§ **Task**
Transcribe the entries below exactly, starting with the line that has "Експертна комісія проаналізувала" and stopping after the line that has "Sie wird aus"; no pictures belong in the copy.

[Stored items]
= Beginning of Section =

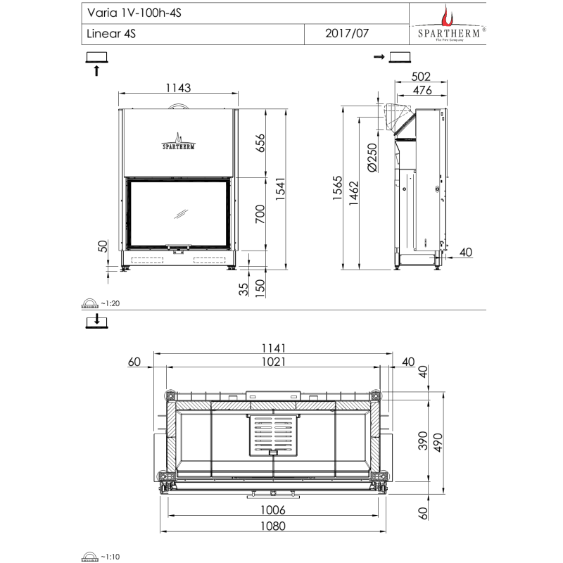 Plieninis židinio ugniakuras Spartherm Varia 1V-100h-4S (tiesiu stiklu), su šamotu, todėl šildymas tampa dar efektyvesnis, o didelis tiesus stiklas leis patogiai stebėti ugnį. Ugniakurą labai lengva įkomponuoti ir priderinti prie interjero. Ugniakuras išsiskiria aukšta kokybe, nes ugniakurai Spartherm gaminami Vokietijoje iš aukštos kokybės 3-4 mm plieno, kuris pasižymi atsparumu korozijai. Spartherm skiria didelį dėmesį techninėms charakteristikoms ir korozijai atspariam gaminio paviršiui. Plieninis židinio ugniakuras Spartherm Varia 1V-100h-4S naudoja mažiau kuro, dėl aukšto naudingumo koeficiento (80 %). Oro tiekimui reguliuoti naudojama valdymo svirtis. Ugniakuro Spartherm Varia 1V-100h-4S degimo kamera išklota šamotu, dėl to jis pasižymi aukštesne degimo temperatūra, švariu stiklu bei mažesniu anglies dvideginio išmetimu į aplinką. Švaraus stiklo palaikymo sistema apsaugo stiklą nuo prilipusių suodžių, todėl jis išlieka švarus ilgiau ir taip palengvėja jo priežiūra. Suteikiama 5 metų garantija korpusui.
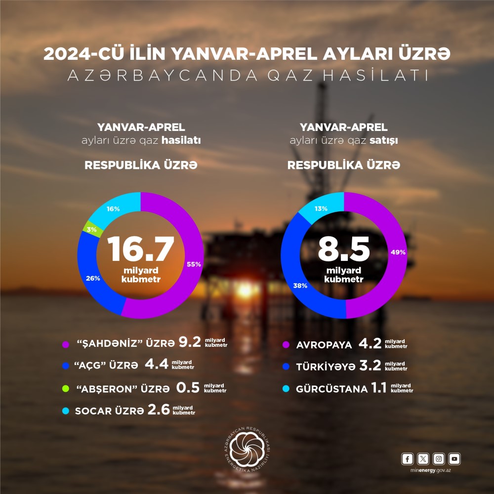 Energetika Nazirliyinin yaydığı məlumata görə, 2024-cü ilin yanvar - aprel ayları üzrə operativ məlumatlara əsasən, 4 ay ərzində respublikada 16,7 milyard kubmetr təbii qaz hasil edilib. Qazın 4,4 milyard kubmetri “Azəri-Çıraq-Günəşli”, 9,2 milyard kubmetri “Şahdəniz”, 0,5 milyard kubmetri “Abşeron”, 2,6 milyard kubmetri SOCAR üzrə hasil olunub. Ötən ilin müvafiq dövrünə nisbətən 0,5 milyard kubmetr artımla qaz hasil edilib.
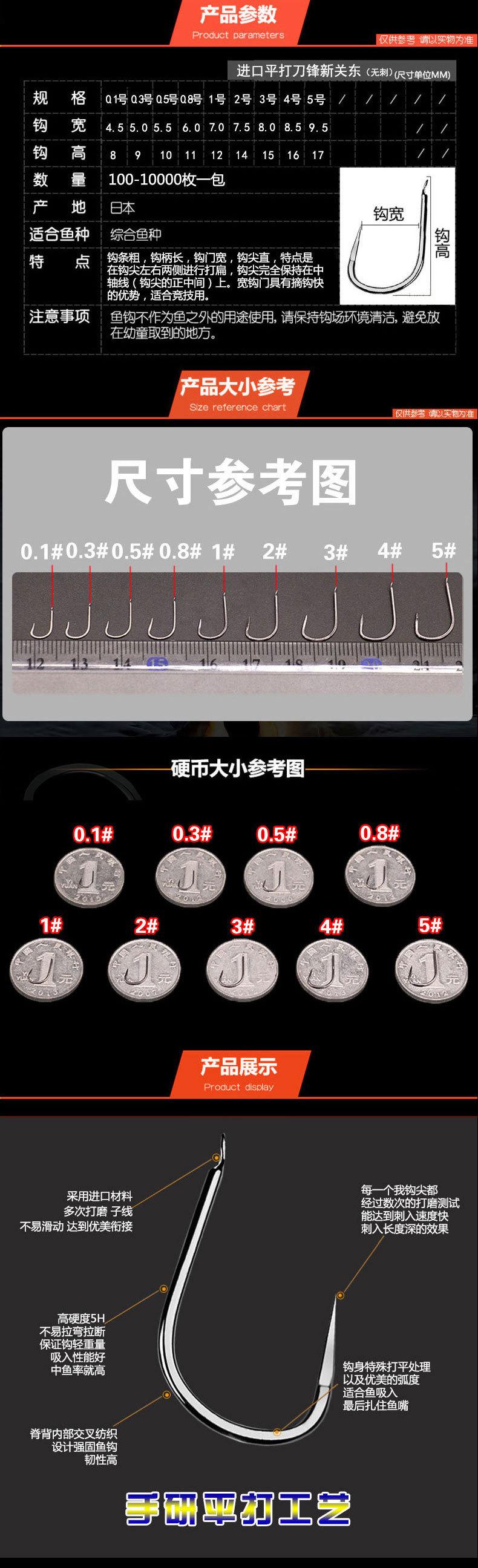 Los anzuelos se dividen en seis partes: mango, mango, parte inferior, extremo, punta y púa. La función del mango es evitar que la línea se salga. Existen diversas formas, como cabeza plana recta, cabeza plana lateral, cabeza con bucle y cabeza con púa. Siempre que sea moderada, no es necesario ser específico. El mango puede ser largo o corto. Los anzuelos de mango largo son adecuados para ensartar cebos largos como lombrices e insectos, mientras que los de mango corto son adecuados para ensartar cebos granulares pequeños como gluten y granos de arroz. El lomo puede ser redondo, plano, oblicuo, arqueado, etc. Desde un punto de vista mecánico, el anzuelo de lomo redondo soporta mayor tensión, mientras que el de lomo plano y oblicuo es peor. Si la rigidez es buena, el anzuelo de lomo arqueado se cae fácilmente después de engancharse. El lomo también tiene diferentes anchos. La distancia entre el mango y el extremo es el ancho del lomo. Si es demasiado estrecho, la boca del pez tendrá poca carne y este se soltará fácilmente; si es demasiado ancho, la tensión que soporta se reduce relativamente. El ancho ideal se basa en el tamaño del anzuelo, de modo que la punta, el lomo y el mango formen un círculo.
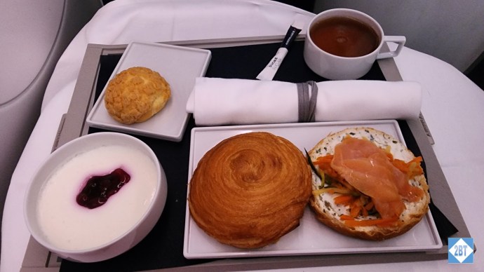 Our snack before landing included smoked salmon, red berry coulis on plain yogurt and a vanilla cream puff pastry.
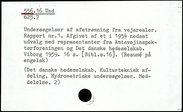 Undersøgelser af afstrømning fra vejarealer. Rapport nr.1. Afgivet af et i 195.f nedsat udvalg med repræsentanter fra Amtsvejinspektørforeningen og Det danske hedeselskab. Viborg 1959.
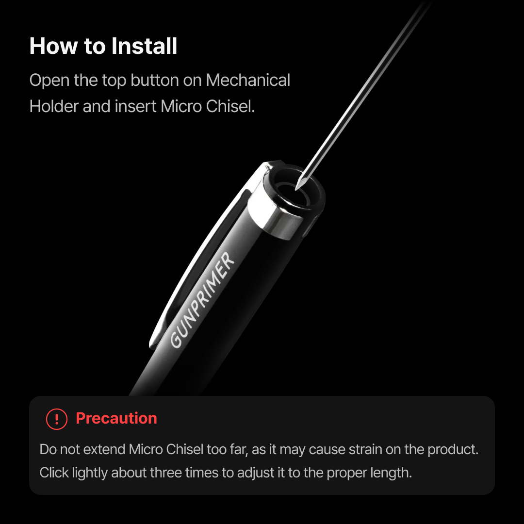 GRIDA™ [Starter Kit] includes one Mechanical Holder and one Micro Chisel, pre-assembled and ready to use right out of the box.
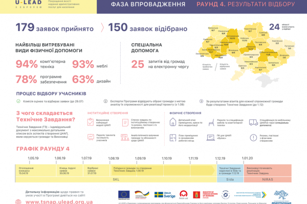 Експертна комісія проаналізувала 179 заявок із 24 областей України та відібрала 150 для подальшого аналізу спроможності громад та розробки індивідуальних технічних завдань для створення чи модернізації ЦНАП.
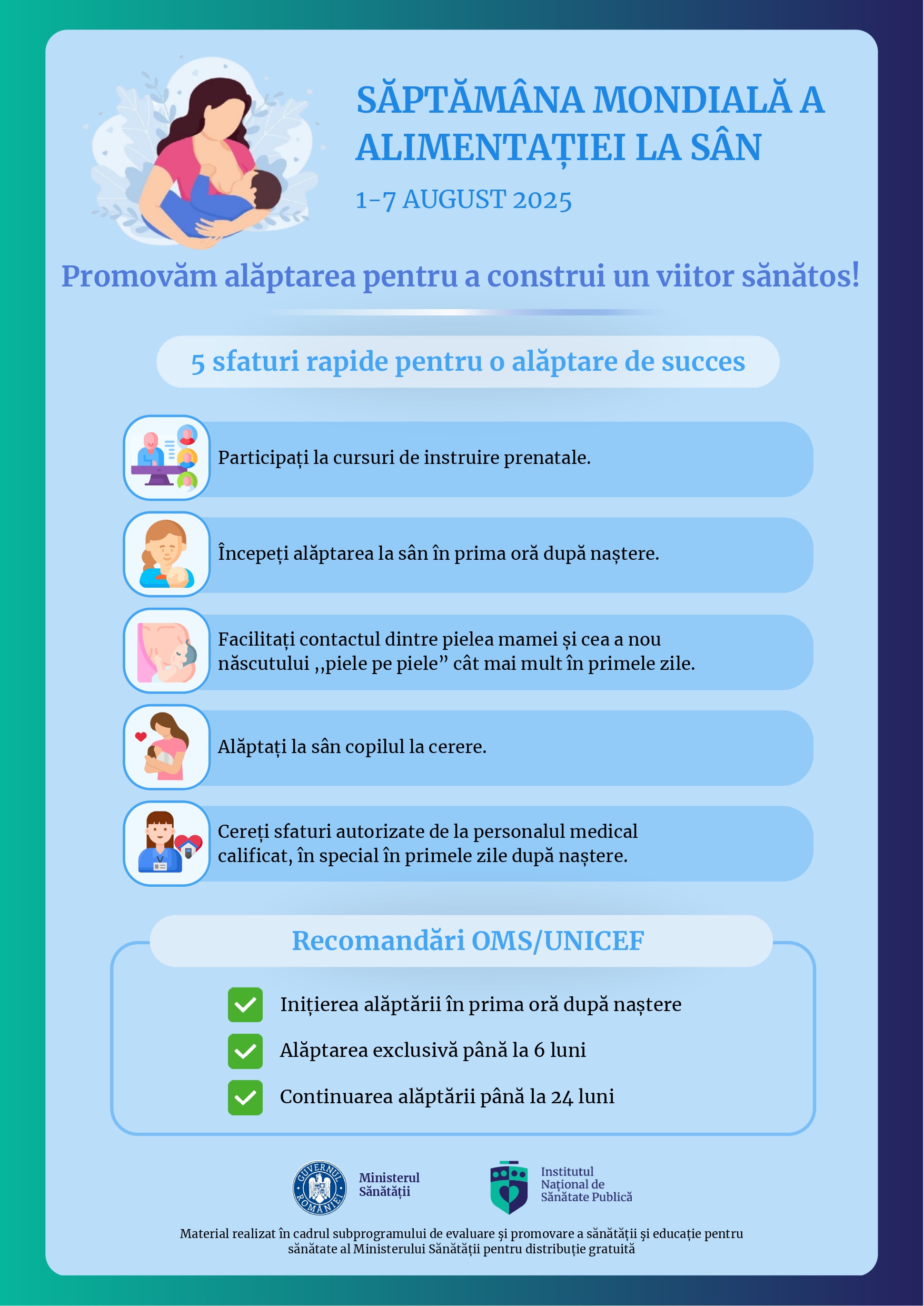 *Între 1 și 7 august 2025, se celebrează importanța alăptării ca prim pas esențial pentru sănătatea, dezvoltarea și echitatea pe tot parcursul vieții
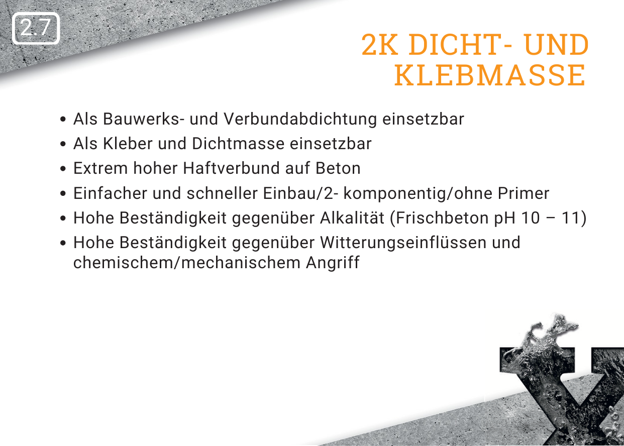 Sie wird aus zwei Komponenten gemischt und haftet hervorragend auf mineralischen Untergründen. Fachgerecht aufgetragen, bildet sie eine elastische, sichere Dichtungsschicht, die sich als Bauwerksabdichtung und als Verbundabdichtung eignet. Wird das FBV-System nachträglich, also ohne Frischbeton eingebaut, eignet sich die 2K Dicht- und Klebmasse ausgezeichnet als vollflächiger Kleber für die Abdichtungsmembran.
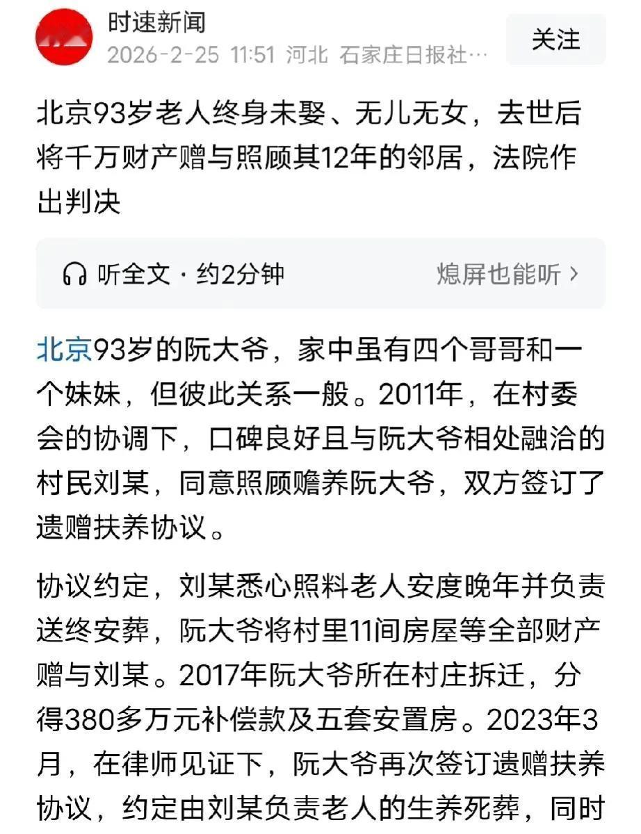 远亲不如近邻!北京,81岁大爷终身未娶,无儿无女,与4个哥哥、1个妹妹关系不合,为了晚年有依靠跟邻居签订协议:邻居负责给他养老送终,大爷将名下千万财产送给邻居。协议签订后,邻居任劳任怨悉心照料大爷12年,直到他去世,并给他妥善办理后事。没想到,大爷的部分亲属却未参与协议签订,邻居担心协议无效起诉到法院,法院判决亮了。 阮大爷一生未娶,无儿无女,父母也早已过世,他有4个哥哥、1个妹妹。 不过,阮大爷平时跟兄妹的关系不冷不热,逢年过节都没一声问候,这么多年阮大爷一直都是一个人生活。 2011年,81岁的阮大爷,意识到自己年纪越来越大,身边没个依靠的,他越发感觉孤苦无依的无奈。 平时阮大爷跟他的邻居刘某关系不错,有时他有个头疼脑热的刘某也会关照他。 阮大爷为了让自己的晚年有个保障,就跟邻居商量让他来照顾自己的晚年,给他养老送终,条件是他把自己的11间屋子留给刘某。 刘某是一个很有同情心的人,在村里口碑不错,他看阮大爷孤苦无依,哪怕大爷没给他任何好处他能搭把手都会搭把手。 所以,当阮大爷跟他提出这个条件的时候,他很爽快地答应了,之后两人签订了遗赠抚养协议。 从那时起,刘某尽心尽力,无微不至地照顾着阮大爷,对待他像对待自己的亲爹娘。 转眼到了2017年,阮大爷所在的村子拆迁,他获得380万补偿和5套安置房。 随着年龄渐渐老去,阮大爷行动越来越不方便,照顾他要更加地细心和耐心。 阮大爷感激刘某对他的照顾,2023年3月份又跟刘某再次签订遗赠抚养协议。 两人约定由刘某负责阮大爷的生养死葬,而刘大爷名下的房产和所有财产归刘某所有,签下协议后刘某继续照顾着阮大爷。 没想到9月份,阮大爷突然病重,最终撒手人寰。 刘大爷去世后,刘某认为自己照顾他12年,理应接受他的遗赠,但阮大爷的部分亲属没有参与参与协议签订。 刘某起诉到法院,想让法院确认这份协议有效。 法院经过调查,并找村委会核实,证明刘某确实十几年来一直好好照顾阮大爷,协议也是老人真心愿意签的。 最终法院判决这五套房子,全都归刘某继承。 《民法典》第1158条规定,自然人可以与继承人以外的组织或者个人签订遗赠扶养协议。按照协议,该组织或者个人承担该自然人生养死葬的义务,享有受遗赠的权利。 本案中阮大爷无儿无女,与兄妹关系疏远,他自愿和邻居刘某签订遗赠扶养协议,约定由刘某负责养老送终,自己的财产归刘某,完全符合这条规定。 刘某不是法定继承人,符合签约主体要求,协议内容是两人真实意愿,不违反法律规定,法院调查确认刘某连续12年悉心照料老人、妥善办理后事,已经完整履行生养死葬的全部义务。 因此刘某依法享有受遗赠的权利,亲属是否签字不影响协议的合法效力。 《民法典》第1123条规定,继承开始后,按照法定继承办理;有遗嘱的,按照遗嘱继承或者遗赠办理;有遗赠扶养协议的,按照协议办理。 这条明确遗赠扶养协议效力优先于法定继承,本案中阮大爷的兄妹属于法定继承人,但老人生前签订了合法有效的遗赠扶养协议,刘某已经依约履行全部义务。 所以应当优先按照协议执行,而不是按法定继承由兄妹继承。 法院走访村委会与邻居,证实协议真实、刘某长期尽孝,不存在欺诈、胁迫等无效情形,据此认定协议合法有效,判决五套房产全部权益由刘某继承,既尊重老人真实意愿,也保护了尽心赡养者的合法权益,符合法律规定与公平原则。 对此,大家怎么看?

= End of Section =

§ **Exercise output**
 Експертна комісія проаналізувала 179 заявок із 24 областей України та відібрала 150 для подальшого аналізу спроможності громад та розробки індивідуальних технічних завдань для створення чи модернізації ЦНАП.
 *Între 1 și 7 august 2025, se celebrează importanța alăptării ca prim pas esențial pentru sănătatea, dezvoltarea și echitatea pe tot parcursul vieții
 Sie wird aus zwei Komponenten gemischt und haftet hervorragend auf mineralischen Untergründen. Fachgerecht aufgetragen, bildet sie eine elastische, sichere Dichtungsschicht, die sich als Bauwerksabdichtung und als Verbundabdichtung eignet. Wird das FBV-System nachträglich, also ohne Frischbeton eingebaut, eignet sich die 2K Dicht- und Klebmasse ausgezeichnet als vollflächiger Kleber für die Abdichtungsmembran.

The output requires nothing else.